In our previous work (34), circulating klotho levels were inversely associated with GFR in CKD patients prior to dialysis, suggesting that klotho is largely affected by kidney function. There have been some conflicting data on the relationship between serum soluble klotho level and RRF in ESRD patients. Akimoto et al. (35) reported that urinary klotho level rather than serum klotho level was significantly related to RRF. In addition, it was also reported that serum klotho level was not associated with RRF, but was related to residual diuresis volume in a recently published paper (36). In this study, we investigated the association between log klotho and RRF in these patients and found that log klotho level was not related to RRF (γ = 0.118, p = 0.307). However, this should be interpreted with caution because 55 (71.4%) patients exhibited residual GFR < 1 mL/min/1.73 m2; thus the relationship between klotho and RRF could not be accurately assessed in our study.

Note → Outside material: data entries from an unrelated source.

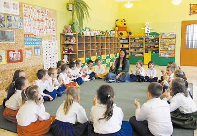 “一帶一路”在波蘭引發(fā)“漢語(yǔ)熱”。波蘭東南部城市熱舒夫從2012學(xué)年在公立幼兒園免費(fèi)開設(shè)漢語(yǔ)課。圖為熱舒夫市第三十七公立幼兒園內(nèi),中國(guó)老師正在給波蘭學(xué)齡前兒童上漢語(yǔ)課。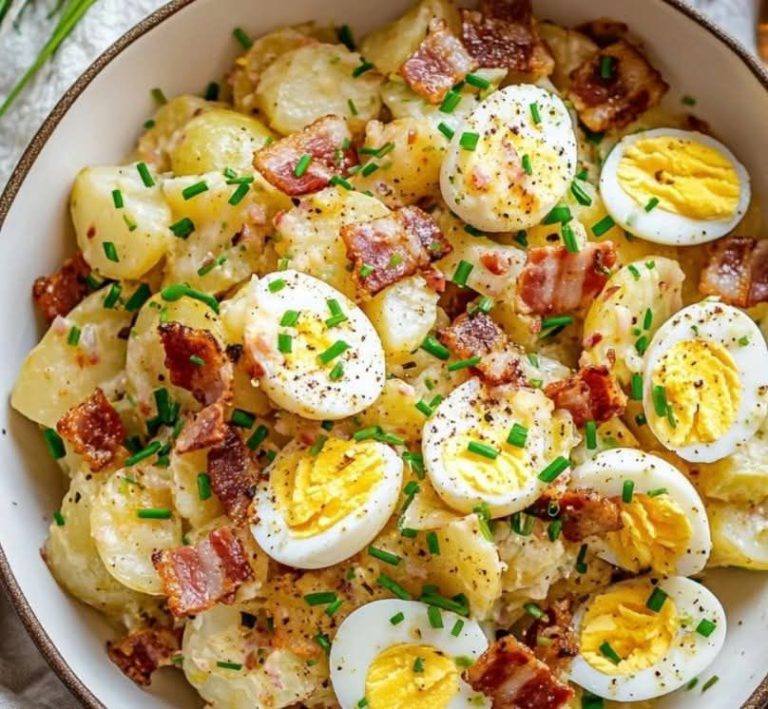 5. Blanda potatis, ägg och bacon i en salladsskål och häll vinägretten över potatisen.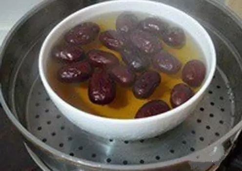 4. 蒸至红枣完全涨开,汤水呈棕色的时候喝。每天可以多喝一些,糖尿病人需要根据医嘱来确定饮用量。

This study had several limitations. First, the singlecenter, cross-sectional study design had inherent biases. The cross-sectional design did not allow causality to be determined between klotho and oxidative stress. Although klotho is reported to attenuate oxidative stress, recent studies showed that oxidative stress itself downregulates klotho expression (37,38). Klotho and oxidative stress might work together in a vicious cycle of reduction in klotho levels and aggravation of oxidative stress. Second, we did not measure FGF23 levels. In patients with CKD prior to dialysis, circulating klotho levels are inversely correlated with FGF23 levels (16,39). However, whether this relationship between klotho and FGF23 occurs in ESRD patients is unknown. A recent study showed that serum klotho levels were not correlated with FGF23 levels in patients with hemodialysis, suggesting that klotho-FGF23 relationship is altered in ESRD patients. Finally, patients with hemodialysis were not included in this study. Therefore, our findings cannot be extrapolated to the entire ESRD population. However, uremia per se is associated with increased oxidative stress activity (26–28). In addition, both hemodialysis and PD further enhance oxidative stress and contribute to a decrease in antioxidant capacity (3,6).

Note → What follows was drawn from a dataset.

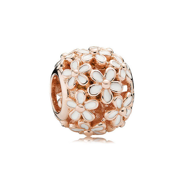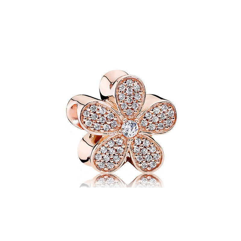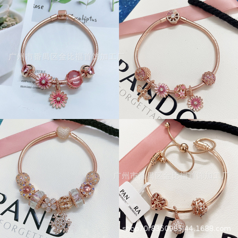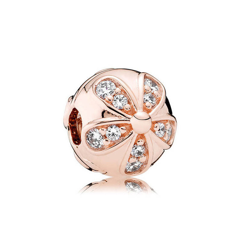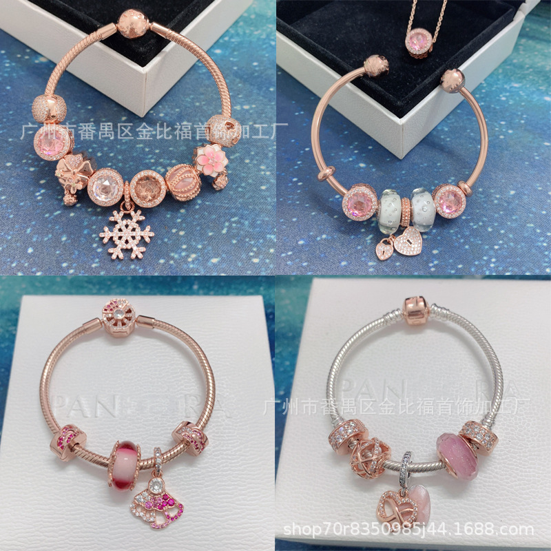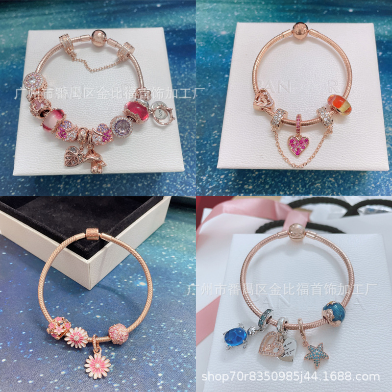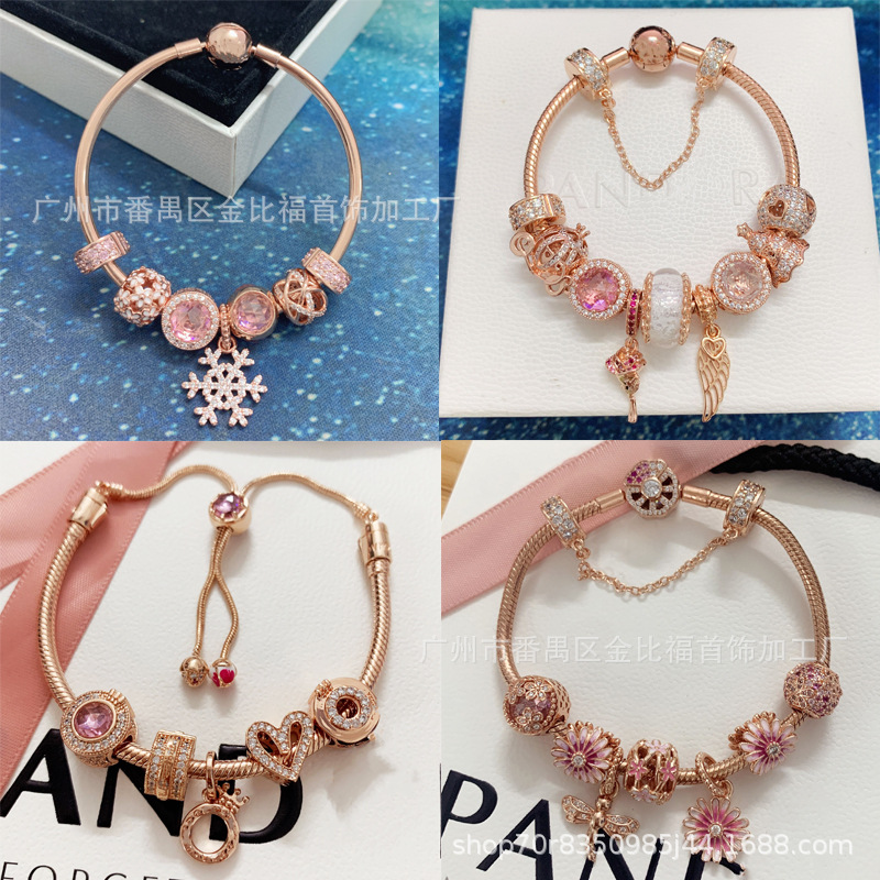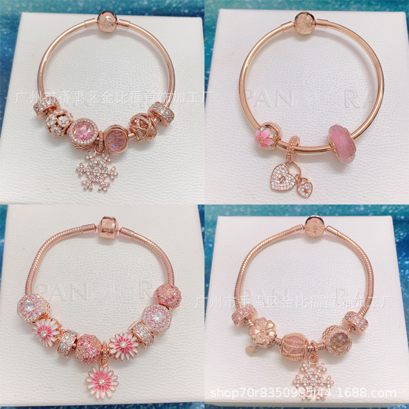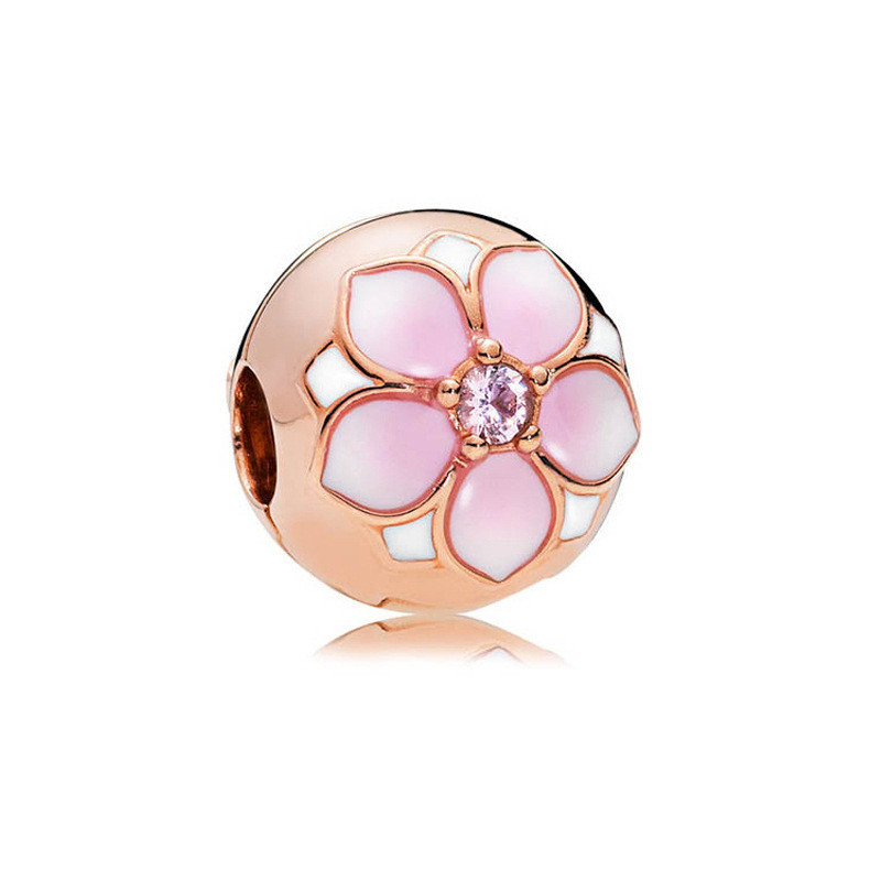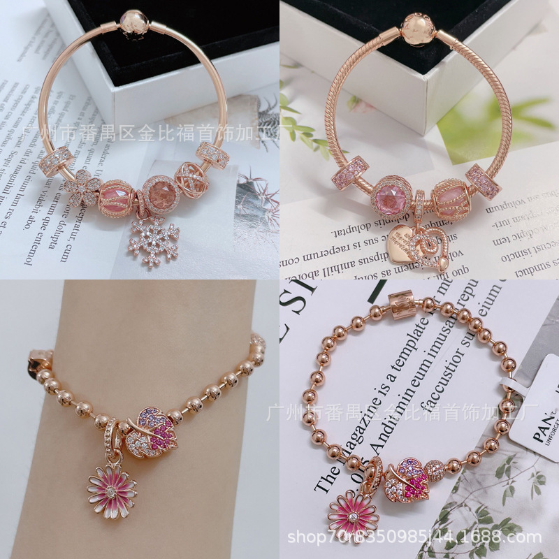 潘家多拉S925银玫瑰金色木兰花爱心串珠手镯手链吊串珠子DIY配件

In conclusion, this study showed that circulating klotho levels were independently associated with oxidative stress in ESRD patients undergoing PD. Significant association of klotho with inflammation was attenuated after adjustment for oxidative stress, suggesting that klotho is more strongly correlated to oxidative stress than inflammation. However, our findings suggest hypotheses based on many previous experimental studies. Further studies with larger sample sizes are required to clarify the relationship between klotho, oxidative stress, and inflammation in ESRD patients.
Disclosures
All authors declared that there are no competing interests.
Acknowledgments
This study was supported by a faculty research grant of Yonsei University College of Medicine for 2012; and by a grant of the Korea Healthcare Technology R&D Project, Ministry of Health and Welfare, Republic of Korea (H10C2020).